His original tracks landed less thrillingly somehow, as he played songs like “First of the Year,” “Wild for the Night” and “Make It Bun Dem” more or less the same way other DJs play them. He also previewed a mix of a new track by Jack U, his collaboration with Diplo, which he’s hinted has new material coming out soon.
The famed DJ-producer lived up to his reputation as a showman for the X Games crowd and an online audience watching a free concert stream via ESPN. Throughout, he jumped on and off turntables, strenuously making his case as the hardest-working man in dance music, as massive video screens brandished aliens, skeletons and 16-bit graphics. Lasers shot from the stage through man-made fog to make geometric shapes on the mountainside.

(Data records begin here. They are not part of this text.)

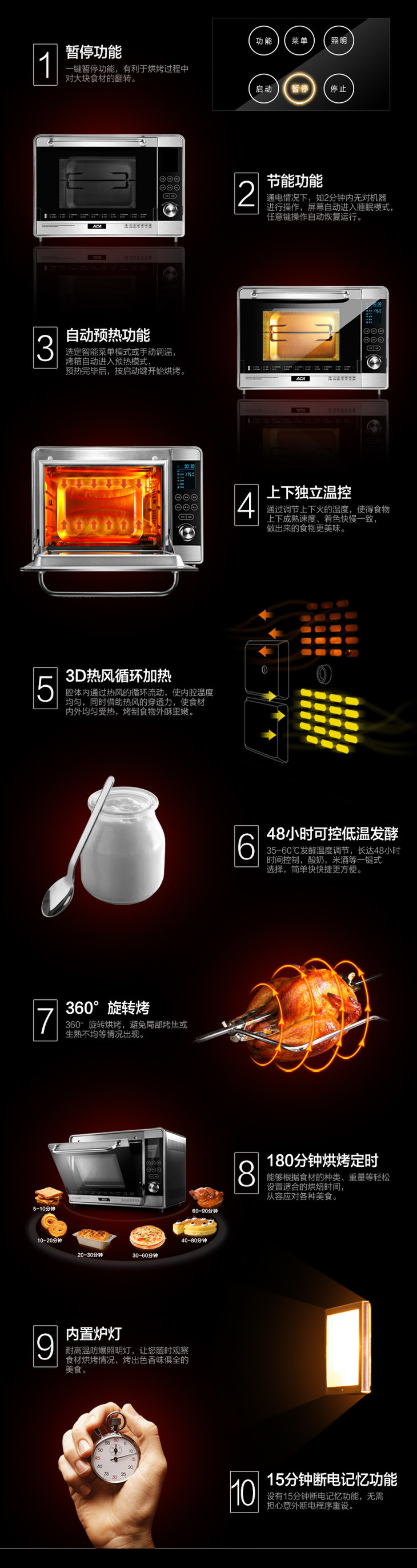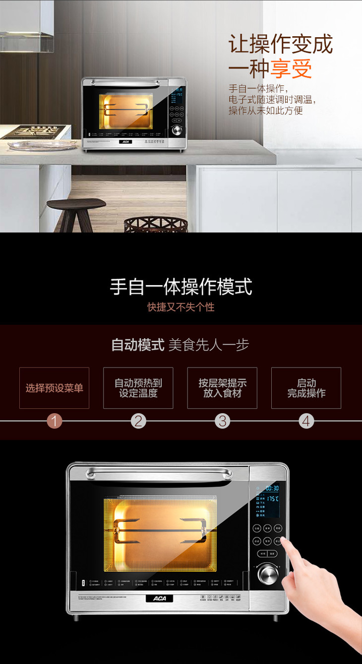 北美电器(ACA)电烤箱家用 36L电子式 高端智能电脑控制ATO-36A8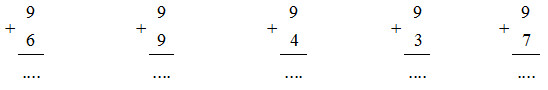 9 + 2 = … 9 + 4 = … 9 + 5 = …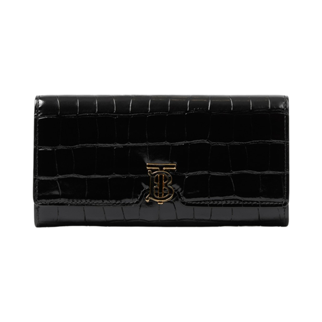 버버리 엠보스드 레더 TB 컨티넨탈 지갑 블랙

We hear all the time these days that music listeners are splintering — that, with the demise of Top 40 radio and the rise of streaming music, the days of monolithic hit songs are over, that people don’t all want to like the same songs everybody else likes. And yet, here was Snoop Dogg singing a Katy Perry tween anthem and pulling out a Joan Jett golden oldie from 1982. Here was Skrillex remixing the most popular hip-hop songs in the country alongside nostalgia-laden movie scores. Here was each of them, on consecutive nights, pulling the 23-year-old hit and reliable frat-party-starter “Jump Around” into their sets to a roaring, young crowd at X Games and in the process providing an argument that maybe not all that much has changed.
On Saturday evening, the self-proclaimed “funk lordz” Chromeo hot-dogged their way through a 60-minute set of tight synthesizer- and talk-box-driven pop songs. What comes across on the duo’s records as ironic detachment gave way to a surprising, straight-faced charisma from Dave 1 and P-Thugg. “Sexy Socialite,” instead of sounding like a satirical reimagining of Hall and Oates’ “Rich Girl,” sounds like a sincere homage live.

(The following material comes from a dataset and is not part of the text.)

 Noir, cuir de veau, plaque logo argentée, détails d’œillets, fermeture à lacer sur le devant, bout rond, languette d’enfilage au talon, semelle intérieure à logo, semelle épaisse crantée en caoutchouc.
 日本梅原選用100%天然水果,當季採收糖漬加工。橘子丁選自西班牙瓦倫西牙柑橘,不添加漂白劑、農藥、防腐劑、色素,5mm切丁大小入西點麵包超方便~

The pair displayed crowd command, inspiring a sing-along on “Frequent Flyer” and getting X Gamers to pair up and sit on one another’s shoulders during “Over Your Shoulder.”
Playing under a postcard-worthy Colorado sunset, the pair piled stage theatrics onto their electro-funk — standing back-to-back for dueling guitar solos, doing synchronized back-and-forth dance steps on “Fancy Footwork” and playing on synths that stood on glowing plastic pairs of women’s legs. Over-the-top? Yeah. Fun? Definitely.

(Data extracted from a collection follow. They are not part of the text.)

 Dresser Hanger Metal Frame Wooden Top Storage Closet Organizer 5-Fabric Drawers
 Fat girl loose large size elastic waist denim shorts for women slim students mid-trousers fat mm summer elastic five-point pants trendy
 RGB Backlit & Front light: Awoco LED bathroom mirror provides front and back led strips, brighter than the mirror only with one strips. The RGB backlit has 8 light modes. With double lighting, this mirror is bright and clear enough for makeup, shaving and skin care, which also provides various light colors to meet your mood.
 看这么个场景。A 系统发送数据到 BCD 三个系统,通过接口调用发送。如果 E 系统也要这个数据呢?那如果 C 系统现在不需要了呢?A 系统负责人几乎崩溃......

In short, ESPN’s new music festival setup at the X Games worked. The sound quality and production values were outstanding. The shows were crowd-pleasing. Enthusiastic — but mostly tame — crowds moved easily from the snow-sports action to the music arena and gave the security teams little to worry about during the performances. It was the kind of only-in-Aspen concert environment where you could spot little kids building snow forts, older kids passing joints and most everybody in sight having an extremely (X-tremely?) good time.